Sharp exponential decay rates for anisotropically damped waves

TL;DR

This paper establishes conditions under which solutions to anisotropically damped wave equations on compact manifolds decay exponentially, providing explicit formulas for decay rates and constructing specific damping examples.

Contribution

It extends classical geometric control conditions to anisotropic damping, deriving explicit decay rate formulas and constructing concrete damping functions on flat tori.

Findings

Exponential energy decay under anisotropic geometric control and unique continuation.

Explicit formula for optimal decay rate in terms of spectral data.

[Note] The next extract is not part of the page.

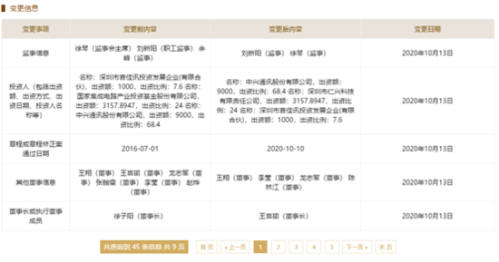 10月13日,深圳市中兴微电子技术有限公司投资人变更,国家集成电路产业投资基金股份有限公司退出,退出前持股24%,新增中兴通讯子公司深圳市仁兴科技有限责任公司,持股24%。

Construction of anisotropic damping functions satisfying the conditions.

Abstract

In this article, we study energy decay of the damped wave equation on compact Riemannian manifolds where the damping coefficient is anisotropic and modeled by a pseudodifferential operator of order zero. We prove that the energy of solutions decays at an exponential rate if and only if the damping coefficient satisfies an anisotropic analogue of the classical geometric control condition, along with a unique continuation hypothesis. Furthermore, we compute an explicit formula for the optimal decay rate in terms of the spectral abscissa and the long-time averages of the principal symbol of the damping over geodesics, in analogy to the work of Lebeau for the isotropic case. We also construct genuinely anisotropic dampings which satisfy our hypotheses on the flat torus.